External Stakeholders—Community
Healthy decisions about a company’s external stakeholders go beyond just following the rules and not poisoning the air or water with industrial contaminants. (Even Milton Friedman added the caveat that firms must compete without “deception or fraud.”) But the deindustrialization of large swaths of the country over the past 40 years have shown the danger of just meeting that bare minimum. Private equity firms that loaded companies with debt, stripped assets, and outsourced manufacturing left depressed, opioid-ridden communities in their wake. The private equity owners made out fine, but the larger communities were devastated. 

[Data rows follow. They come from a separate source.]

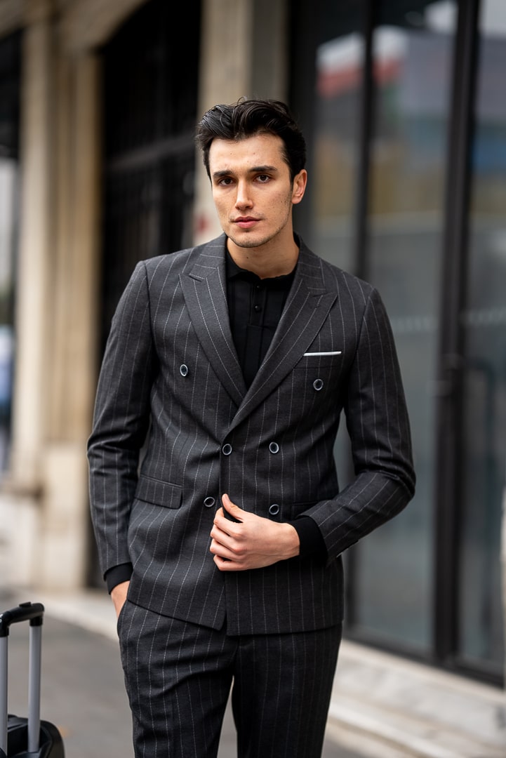 Make a powerful statement with this men’s charcoal pinstripe double-breasted suit.
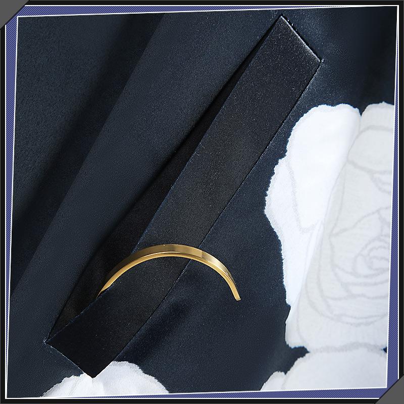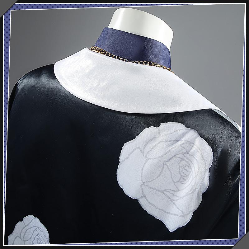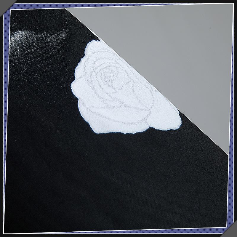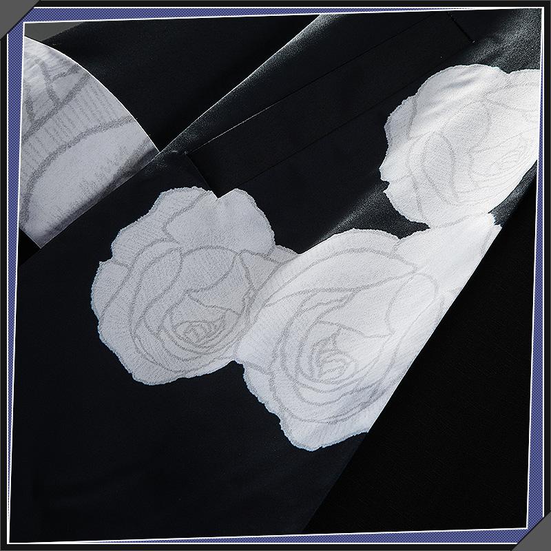 ブライダルサテンで製作しています。黒を基調として、薔薇の絵柄がプリントされて再現度が高いです。両サイドに本物のポケットが施されて便利です。
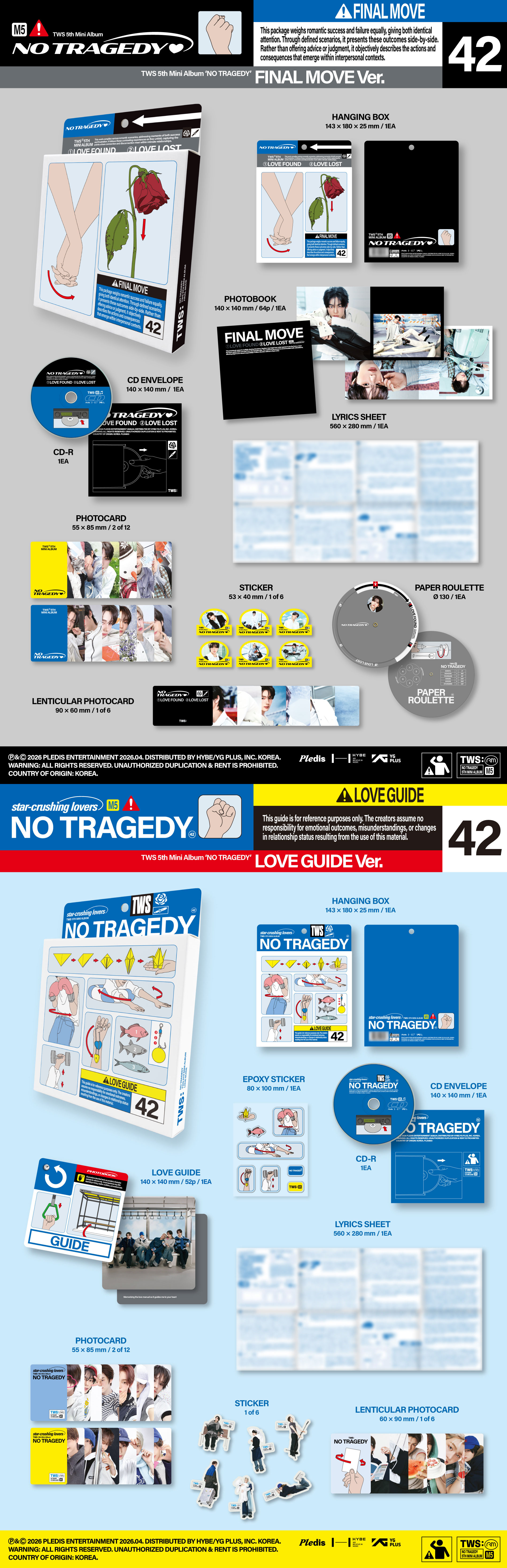 [MOVIMIENTO FINAL Ver.]-CAJA PARA COLGAR: 1 tipo / W143-PHOTOBOOK: 1 tipo / W140-HOJA DE LETRAS: 1 tipo / W560-RULETA DE PAPEL: 1 tipo / W130-STICKER: Inserción aleatoria de 1 tipo de 6 tipos para cada versión / W53-PHOTOCARD: Inserción aleatoria de 2 tipos de 12 tipos en cada versión / W55(mm)-LENTICULAR PHOTOCARD: Inserción aleatoria de 1 tipo de 6 tipos en cada versión /W90 X H60 (mm)-SOBRE CD: 1 tipo / W140-CD-R: 1 tipo/W120 [GUÍA DEL AMOR Ver.] -CAJA PARA COLGAR: 1 tipo / W143 -GUÍA DEL AMOR: 1 tipo / W140 -HOJA DE LETRAS: 1 tipo / W560 -EPOXI STICKER: 1 tipo / W80 -STICKER: 1 tipo insertado aleatoriamente de 6 tipos en cada versión -PHOTOCARD: Inserción aleatoria de 2 tipos de 12 tipos para cada versión / W55 -LENTICULAR PHOTOCARD: Inserción aleatoria de 1 tipo de 6 tipos para cada versión / W60 -SOBRE CD: 1 tipo / W140

Healthy companies understand that they have a vital role to play in the health of the communities in which they operate. More significantly, they see that investing in their communities leads to the highly sought after “win-win.” James and Deborah Fallows, in their book Our Towns, point to the numerous small cities where companies collaborate with local governments and non-profits to improve education. For example, in Greenville, South Carolina, GE, Michelin, BMW, Duke Energy, and many other companies have helped create the A.J. Whittenberg Elementary School of Engineering. Yes—an elementary school for budding engineers, pre-K through grade 5 (10 years old). The school is located in an economically distressed part of town, with high poverty, unemployment, crime, and single parent households. But these companies aren’t investing in the school out of some sense of corporate altruism. They’re investing because this is the source of their future workers. While they’d certainly be financially healthier today if they saved their money, they’d be shortchanging their long-term success if they allowed the surrounding community to decay. 

What makes for a healthy company? It’s a lot more than a healthy balance sheet, although that’s certainly a necessary—but not sufficient—precondition. Healthy firms make decisions that improve the health of all stakeholders, both internal and external. They make decisions with a long term perspective, not just the next quarter’s earnings. And in a world rocked by the COVID pandemic, that’s a welcome dose of medicine.